KULONPROGO, iNews.id - Proyek pembangunan sisi airside bagian runway Bandara Baru Yogyakarta (NYIA) di pesisir selatan Kulonprogo, DIY terus dikebut. Landasan pacu yang memiliki panjang 3.200 meter dan lebar 60 meter itu masih dalam proses pemadatan.

Setelah selesai proses pemadatan lahan, selanjutnya runway akan ditinggikan tanahnya sebelum diaspal.

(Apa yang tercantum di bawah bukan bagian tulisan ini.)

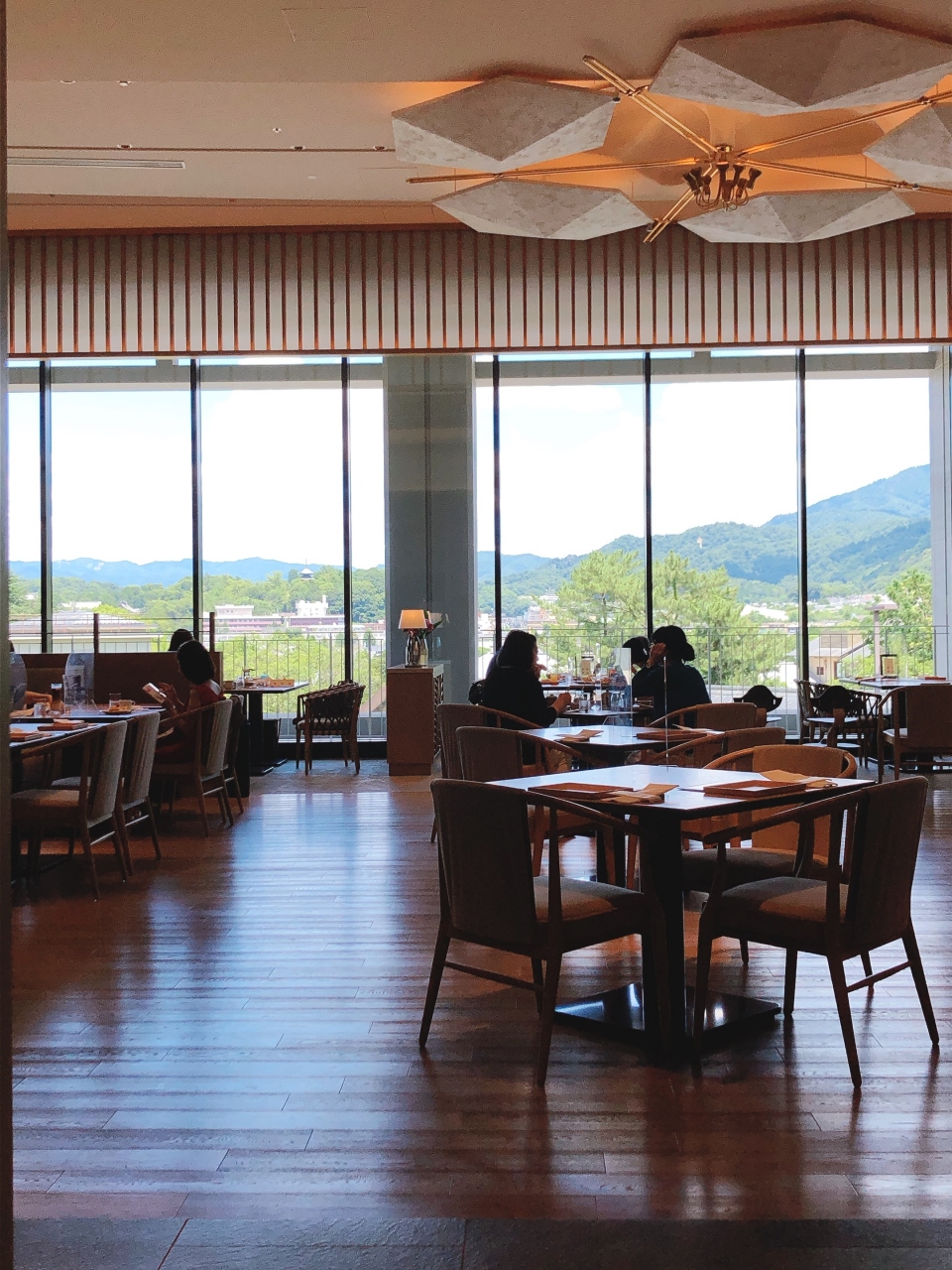 大きな窓から見える東山の豊かな緑に町屋の景色が清々しい印象を一番に感じたダイニング「洛空」、ランチメニューのビュッフェを頂きました。
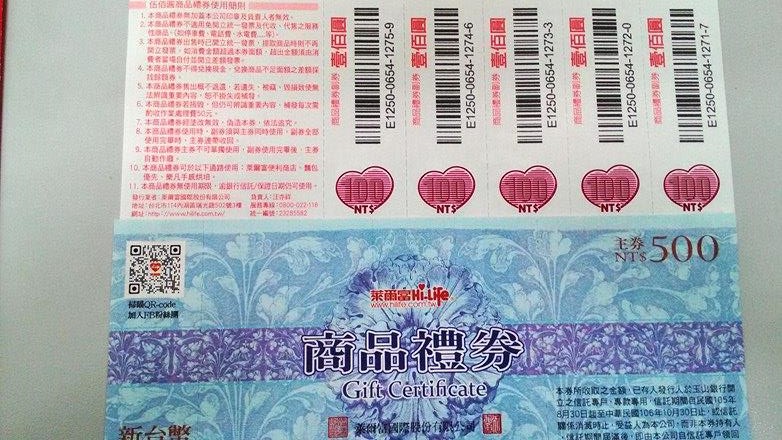 [二手買賣] 萊爾富禮券五百元面額x2(已售出) 比漾廣場300禮券x1 |
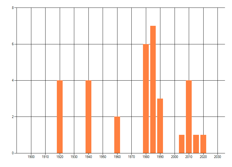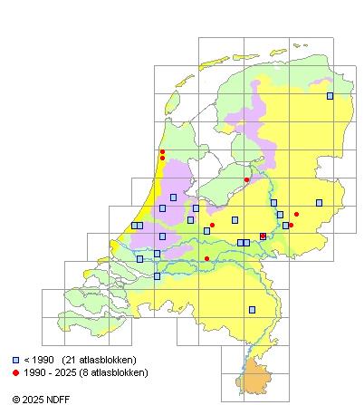 Het aantal atlasblokken (5x5 km) waarin de soort is gemeld binnen een periode van vijf jaar (vanaf 1980) of twintig jaar. Niet gecorrigeerd voor waarnemersinspanning en het aantal doorgegeven waarnemingen kan sterk variëren per periode, dus een trend in verspreiding kan hier niet direct uit worden afgelezen. Het opgegeven jaartal is het eerste jaar van de periode. Bron: gevalideerde waarnemingen uit de NDFF.

Proses pekerjaan konstruksi tersebut akan dilaksanakan secara pararel mulai dari runway, taxi way, apron hingga terminal.

General Manager PT Angkasa Pura (AP) I Yogyakarta, Agus Pandu Purnama mengatakan, persentase progres pekerjaan pembangunan runway saat ini sudah mencapai 0,1033 persen tepatnya pada titik lokasi ujung landasan pacu. “Saat ini telah dilakukan timbunan landasan pacu (runway) sepanjang 2.000 m2 dengan presentase 22 persen,” katanya, Kamis (20/9/2018).

Agus optimistis pembangunan Bandara NYIA akan tepat waktu. Di mana sesuai dengana target Presiden Joko Widodo harus selesai pada akhir maret agar pada April 2019 bisa beroperasi.

Landasan pacu pesawat nantinya tidak akan sejajar lurus garis pantai. Namun akan dibuat menyerong pada sudut 11-29 derajat, untuk menghindari adanya crosswind (angin dari samping) dari arah laut yang membahayakan penerbangan. "Pesawat akan dengan mudah take off (lepas landas) maupun landing (mendarat) karena posisinya sesuai arah headwind (angin dari depan)," ujarnya.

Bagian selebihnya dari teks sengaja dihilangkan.